When I really made the break in 1970, really put that niceness behind me, she had a remarkable—but typical—reaction. She came to the Bitter End on Bleecker Street right around the time of the FM & AM album. I was doing “Seven Words” by then, and so for the first time she saw me saying “cocksucker” and “motherfucker” on stage and having people laugh and applaud.
Mary was never a prude. She liked to tell a dirty joke—but she’d make believe she felt ashamed and embarrassed. She’d give you a look like “Aren’t I awful? Am I the bad girl?” and then tell it. But I was taking things very far—plus I was attacking two of the things she held most dear: religion and commerce. She was mortified that I would be rewarded for these attitudes. But she was incredibly happy I was successful. It was the payoff. The f
ulfillment of “Everything you do is a reflection on me.” She was a star’s mother. “Hi—I’m Georgie’s mother.”

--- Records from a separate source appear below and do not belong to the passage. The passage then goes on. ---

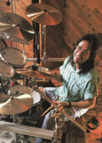 そんで、スティックがビック・ファース (笑) よっさん:おーっと、また、これは会話の弾む写真が!(笑) ジルジャン…使ってますねぇ、この写真は見たことありますが、やはり、シンバル系ノーマーク (苦笑) キングダム・レコーディングには、ブレイディーのキットは時間的に間に合ってませんよね。 Toshiさん:そうかもしれませんね。ギリギリまでパールでレコーディングしてて、届いたブレイディーの何かは使ったのかもしれませんし。レコーディングではジルジャンを多用していたと思います。 よっさん:トップはZって言ってましたよね。 Toshiさん:ハッツのですか? トップはKでボトムがZだと言っていたように記憶しています。言っていたというか、何かで読んだ記憶ですね。 余談ですが、 神保彰氏も過去に使っていた13" Kジルジャンですが、 彼は、マッチングさせる事もなく、フツウに発注して届いた物を使っていたそうです。 ジェフSさん:Kジルのハット使用してたのは、いつ頃なんですか? Toshiさん:セットから推測すると、'80年代の中頃だと思います。 |
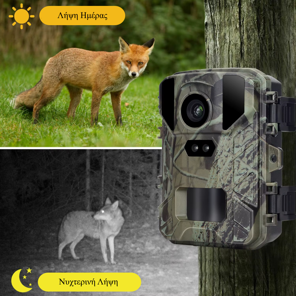 Η κάμερα διαθέτει υπέρυθρη τεχνολογία 940nm που προσφέρει νυχτερινή όραση χωρίς ορατό φως, εξασφαλίζοντας πλήρη διακριτικότητα. Κατά τη διάρκεια της ημέρας καταγράφει έγχρωμες φωτογραφίες και βίντεο, ενώ τη νύχτα οι λήψεις είναι ασπρόμαυρες αλλά εξίσου καθαρές. Η λειτουργία motion detection ενεργοποιεί την κάμερα μόνο όταν ανιχνευτεί κίνηση, εξοικονομώντας ενέργεια και αποθηκευτικό χώρο.
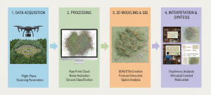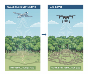 LiDAR from aircraft was historically limited by high costs and low resolution, but recent advances allow centimetric-resolution data acquired at low cost, enabling the detection of microtopography otherwise invisible beneath vegetation or modern alterations.
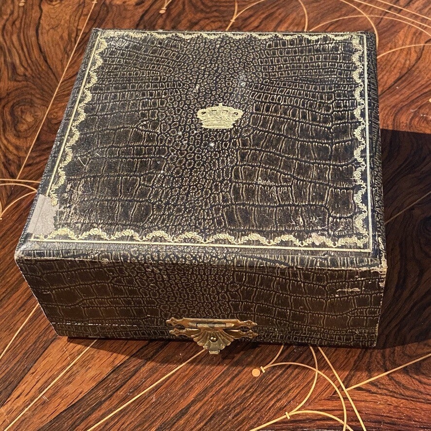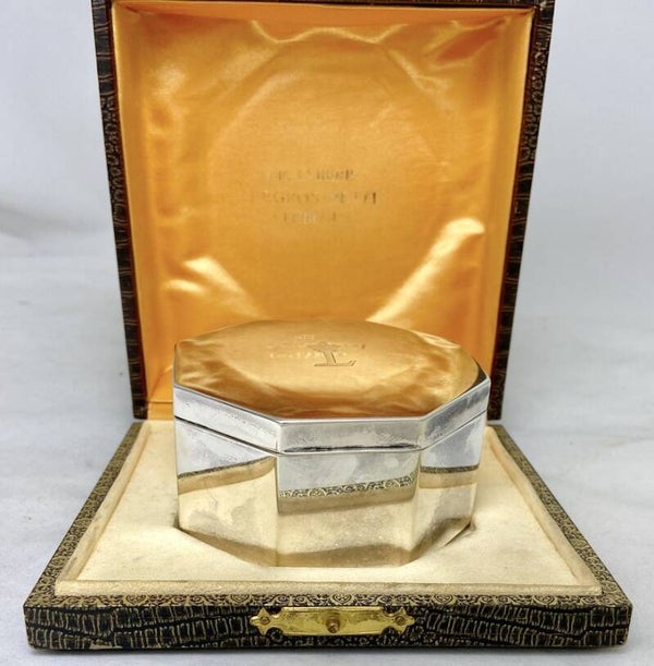 🇬🇧 Donated by King Leopold III of Belgium at the start of his reign, this art deco candy box is an extremely rare historical souvenir. It is still in its original case on which appears the royal crown. Weight 180 grams.

But here’s the most telling thing. On the block of 121st Street where I grew up was our church, Corpus Christi, and Corpus Christi School. It was run by Dominican nuns and they all knew Mary. Throughout my nice years the sisters got to know me from television; they knew I was an alumnus of Corpus Christi, and my mother would visit with them and it would be “Yes, he’s doing so well,” “Yes, I’m so proud of him,” “Yes, you should be.”

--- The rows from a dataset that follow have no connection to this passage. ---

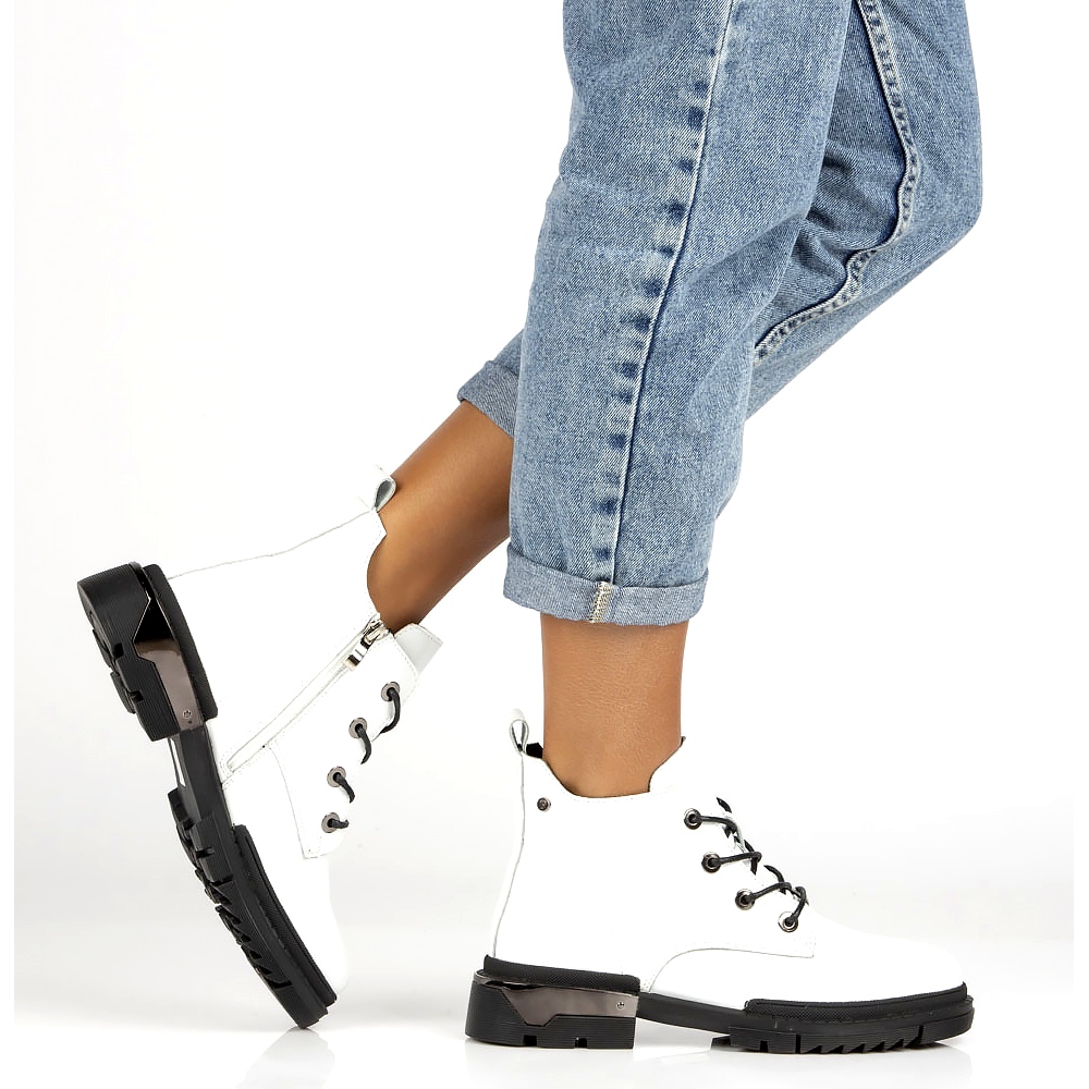Tyylikäs, lakattu Filippo DBT4173 -saappaat klassisessa valkoisessa värissä yhdistävät tyylikkään ilmeen huolellisella viimeistelyllä. Valmistettu luonnollisesta lakallisesta nahasta, joka on eristetty miellyttävällä, lyhyellä turkilla, ne tarjoavat lämpöä ja mukavuutta viileämpinä päivinä. Litteä kantapää, jonka korkeus on 3,5 cm ja pyöristetty nenätakuu vakaus ja mukavuus koko päivän. Vetoketjun ja nauhan kiinnitys helpottavat yläosan istuvuutta ja sivussa oleva hienovarainen logo lisää tyyliä.
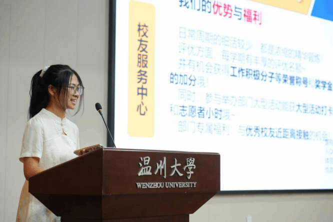 党员服务中心主任吴嘉洁与校友工作服务中心实践服务部部长江虹羲也分别登台,就各部门职能与特色项目作了详细说明,展现出学院在学生党建、校友联络与服务方面的深厚积淀与持续创新。
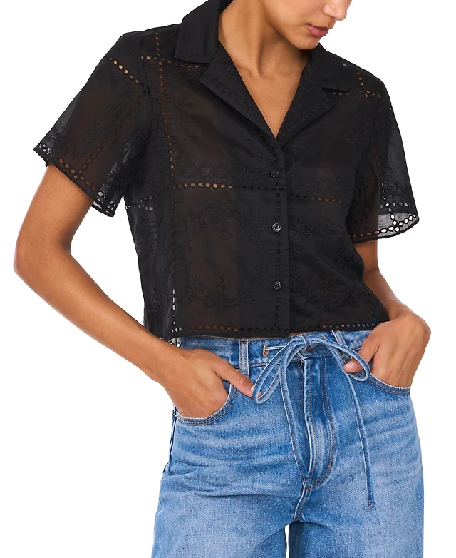 Style & Co Petite Eyelet Embroidered Cotton Button-Front Blouse, Macy's Exclusive

Now comes shit-piss-cocksucker-tits and God-has-no-power. So one day she’s walking past the church and runs into a couple of the nuns and they comment on the new surge in my popularity and say, “Corpus Christi was all over the Class Clown album.” So Mary says, “Yes, but isn’t it awful, sisters, the language he’s using.” And they say, “No, don’t you see? What he’s saying is these words are part of the language anyway and they’re kept off in their own little section and their own little closet. He’s trying to liberate us from the way we feel about these things.” My mother says, “Oh yes, yes, of course.” She’s okay now. She’s fine. Shit, piss, fuck, cunt, cocksucker, motherfucker and tits have just received the imprimatur of Holy Mother Church. Now they’re nice words.

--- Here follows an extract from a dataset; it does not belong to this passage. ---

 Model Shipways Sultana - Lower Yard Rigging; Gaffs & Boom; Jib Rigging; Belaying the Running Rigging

When I threw my mother out of my life figuratively as a teenager, I threw out the good with the bad. To make a clean break you eliminate everything, but I still find her ambitions hidden in mine—and they’re not necessarily bad. An important goal of mine is to do a one-man Broadway show. And it was Mary who used to take me to Broadway shows and in the lobby would point to people and say: “See that man’s hand? Look at that. He’s cultured. He’s refined. Look how he holds his cigarette. Look at the angle of his leg. That’s what I want for you.” In some way my desire to go to Broadway and the legitimate stage is to impress the people my mother admired. I still have this longing to be Mary’s model boy. She is hidden in every cranny of my workroom, requiring me to do things. What I have to do constantly is to take Mary out of things and leave only myself in them. Then decide if I want to do them.